RICHMOND, Va. (WRIC) — Virginia’s General Assembly has approved new hemp regulations, with revisions to identical bills from the House and Senate by Gov. Glenn Youngkin, addressing the amount of tetrahydrocannabinol (THC) permitted for cannabidiol (CBD) and hemp products.
According to marijuana industry consumer organization Virginia State Cannabis, CBD does not produce the “high” that THC can.
“The primary distinction between marijuana and hemp is the quantity of CBD and THC in the plants; if the plant has above 0.3% Tetrahydrocannabinol or THC, it is classified as a marijuana plant,” Virginia State Cannabis said.
That percentage amount took a page from the U.S. Hemp Farming Act, which was signed into law in December 2018, declassifying hemp with a THC content of less than 0.3% as a Schedule I controlled substance. But Virginia NORML Executive Director JM Pedini said that there was a loophole in adopting that amount. This stems from the difference between 0.3% of a plant’s dry weight and 0.3% of a liquid, for example.
As amended, HB 2294 and SB 903 address that issue by placing a two-milligram limit of THC for CBD or hemp products in the Commonwealth, while also allowing for a 25:1 ratio.
“What they’re going to find is a much lower total THC in, call it, per serving or bottle, no matter what the product is, and a much higher CBD content because now, you have to put 25 milligrams of CBD into a product if you want to use one milligram of THC,” Virginia Cannabis Association President Jason Blanchette said. “We’ve got this infighting between trade organizations and different industry groups.”
Meanwhile, Pedini said that a typical dosage of medical cannabis in Virginia would have no more than 10 milligrams of THC. Thus, this 25:1 ratio could present a so-called loophole of its own, especially without the same regulations as cannabis. But Blanchette disagreed.
“There are going to be loopholes found. There always are, especially when it comes to a plant that contains hundreds of cannabinoids,” Blanchette said. “Someone could go to any number of their friends and get a joint, and it’s going to cost them a couple dollars, and we’re talking real marijuana now, right? Why would they spend $50 in a high-end CBD boutique to buy a tincture, just to get high and then swallow the entire $50 worth of product?”
HB 2294 and SB 903 make a number of other changes to hemp regulations in the Commonwealth. Once in effect, the measures will require a $1,000 fee for retail permits, and prohibit synthetics, such as Delta-8. With those amendments, Blanchette said consumers could see more than half of the products on store shelves in Virginia come down.
Moreover, the bills create “labeling, packaging, and testing requirements for industrial hemp extracts and foods containing an industrial hemp extract,” as well as “a civil penalty of $10,000” for sales without proper permitting and failure to adhere to Virginia Department of Agriculture and Consumer Services (VDACS) regulations.
Youngkin’s press sectary provided the following statement to 8News:
The Governor’s amendment continues his efforts to crack down on dangerous THC intoxicants, including synthetic products such as Delta 8. In addition to the ban on synthetic THC, the limited percentage of total THC allowed, the packaging and labeling restrictions, the testing requirements, and the total per package limit for THC, the substitute also requires retailers to register with the enforcement agency to sell any consumable hemp derived product. Following feedback from parents whose children have experienced positive benefits from CBD products, the substitute also includes a narrowly tailored exemption clarifying that the legislation will not outlaw those therapeutic products. Governor Youngkin’s substitute takes into account these critically necessary products while going even further to clear store shelves of illegal products responsible for sending children to the hospital.Office of the Governor
Blanchette said it was a pseudo-win for Virginia’s hemp industry.

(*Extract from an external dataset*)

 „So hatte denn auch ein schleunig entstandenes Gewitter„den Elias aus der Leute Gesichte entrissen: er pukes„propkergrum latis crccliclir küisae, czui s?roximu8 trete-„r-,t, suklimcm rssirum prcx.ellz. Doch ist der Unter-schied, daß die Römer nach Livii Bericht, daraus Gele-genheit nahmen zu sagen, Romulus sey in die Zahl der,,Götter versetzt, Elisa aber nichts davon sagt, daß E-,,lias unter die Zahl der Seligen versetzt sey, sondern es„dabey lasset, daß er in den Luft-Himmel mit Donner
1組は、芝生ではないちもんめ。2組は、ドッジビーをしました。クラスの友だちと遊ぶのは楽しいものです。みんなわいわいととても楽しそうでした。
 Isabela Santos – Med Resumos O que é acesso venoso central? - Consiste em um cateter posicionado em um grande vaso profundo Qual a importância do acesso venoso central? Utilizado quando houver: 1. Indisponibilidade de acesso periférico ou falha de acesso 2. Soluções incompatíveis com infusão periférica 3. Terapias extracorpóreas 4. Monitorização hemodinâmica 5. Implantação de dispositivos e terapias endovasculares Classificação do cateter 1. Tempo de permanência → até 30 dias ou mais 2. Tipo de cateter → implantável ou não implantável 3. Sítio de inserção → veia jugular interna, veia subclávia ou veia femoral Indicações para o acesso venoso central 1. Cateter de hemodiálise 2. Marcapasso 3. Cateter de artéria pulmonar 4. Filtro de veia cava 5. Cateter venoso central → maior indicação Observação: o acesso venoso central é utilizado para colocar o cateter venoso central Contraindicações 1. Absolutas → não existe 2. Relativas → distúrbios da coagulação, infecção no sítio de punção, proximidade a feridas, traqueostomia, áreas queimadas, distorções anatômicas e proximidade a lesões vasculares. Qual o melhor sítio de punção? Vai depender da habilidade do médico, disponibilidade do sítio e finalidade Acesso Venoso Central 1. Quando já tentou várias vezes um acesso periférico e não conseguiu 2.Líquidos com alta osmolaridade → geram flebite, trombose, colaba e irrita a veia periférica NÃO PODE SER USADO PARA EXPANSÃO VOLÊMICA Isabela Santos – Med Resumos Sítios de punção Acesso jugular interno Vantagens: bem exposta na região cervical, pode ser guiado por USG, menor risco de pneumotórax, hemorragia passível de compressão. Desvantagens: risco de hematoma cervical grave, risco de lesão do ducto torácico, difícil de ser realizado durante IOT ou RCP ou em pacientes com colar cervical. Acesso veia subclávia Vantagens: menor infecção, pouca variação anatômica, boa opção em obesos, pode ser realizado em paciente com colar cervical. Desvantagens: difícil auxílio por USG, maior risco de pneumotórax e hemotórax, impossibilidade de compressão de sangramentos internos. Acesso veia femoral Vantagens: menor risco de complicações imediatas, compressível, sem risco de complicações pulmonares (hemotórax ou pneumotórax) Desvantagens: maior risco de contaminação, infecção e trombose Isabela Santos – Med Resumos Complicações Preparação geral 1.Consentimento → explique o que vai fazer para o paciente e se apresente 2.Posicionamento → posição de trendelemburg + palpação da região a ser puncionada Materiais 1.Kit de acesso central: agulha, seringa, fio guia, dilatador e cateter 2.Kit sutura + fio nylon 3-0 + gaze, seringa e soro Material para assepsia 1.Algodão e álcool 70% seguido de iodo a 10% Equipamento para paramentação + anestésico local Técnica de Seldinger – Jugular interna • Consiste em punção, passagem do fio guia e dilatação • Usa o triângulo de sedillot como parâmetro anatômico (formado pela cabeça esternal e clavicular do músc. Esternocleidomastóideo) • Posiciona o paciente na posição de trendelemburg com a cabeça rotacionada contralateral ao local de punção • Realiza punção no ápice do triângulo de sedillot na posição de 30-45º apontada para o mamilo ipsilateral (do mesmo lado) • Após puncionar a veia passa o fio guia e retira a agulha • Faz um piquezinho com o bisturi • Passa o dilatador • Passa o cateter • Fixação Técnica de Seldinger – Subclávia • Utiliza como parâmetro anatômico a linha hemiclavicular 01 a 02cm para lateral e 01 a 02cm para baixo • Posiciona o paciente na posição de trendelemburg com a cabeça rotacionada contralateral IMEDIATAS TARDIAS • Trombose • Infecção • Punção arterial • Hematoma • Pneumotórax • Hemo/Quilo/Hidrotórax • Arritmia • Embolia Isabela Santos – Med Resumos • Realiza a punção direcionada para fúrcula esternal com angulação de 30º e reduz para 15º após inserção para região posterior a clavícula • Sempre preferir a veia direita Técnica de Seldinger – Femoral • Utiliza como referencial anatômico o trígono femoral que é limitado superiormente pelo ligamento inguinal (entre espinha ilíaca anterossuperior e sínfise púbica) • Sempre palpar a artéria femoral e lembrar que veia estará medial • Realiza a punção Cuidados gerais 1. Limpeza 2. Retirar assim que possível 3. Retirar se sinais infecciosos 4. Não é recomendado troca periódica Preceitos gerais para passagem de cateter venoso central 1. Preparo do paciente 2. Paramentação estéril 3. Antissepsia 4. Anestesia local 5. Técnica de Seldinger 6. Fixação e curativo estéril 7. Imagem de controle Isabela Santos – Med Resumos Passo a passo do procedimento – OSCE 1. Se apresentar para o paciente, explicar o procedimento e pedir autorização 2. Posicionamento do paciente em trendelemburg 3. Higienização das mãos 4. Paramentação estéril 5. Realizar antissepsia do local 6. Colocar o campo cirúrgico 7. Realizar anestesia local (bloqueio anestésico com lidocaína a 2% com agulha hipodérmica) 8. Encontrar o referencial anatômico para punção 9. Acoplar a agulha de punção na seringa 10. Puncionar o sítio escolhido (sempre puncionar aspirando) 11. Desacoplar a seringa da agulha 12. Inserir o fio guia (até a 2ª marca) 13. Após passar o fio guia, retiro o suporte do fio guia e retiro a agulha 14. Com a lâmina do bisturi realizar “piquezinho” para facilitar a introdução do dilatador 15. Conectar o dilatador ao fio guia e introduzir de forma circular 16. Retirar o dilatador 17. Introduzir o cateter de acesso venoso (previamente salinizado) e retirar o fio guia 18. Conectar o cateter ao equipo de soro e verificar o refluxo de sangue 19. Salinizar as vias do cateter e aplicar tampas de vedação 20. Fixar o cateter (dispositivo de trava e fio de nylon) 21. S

“The original bill was absolutely decimating,” he said. “We are all hemp growers, processors, we’ve been in the hemp industry since minute-one. We are really looking to engage in conversation about fixing all of this with a proper, again, safe and regulated adult-use cannabis market.”
HB 2294 and SB 903 each passed with slightly more than half of the legislative votes in their respective houses. The measures goes into effect on July 1.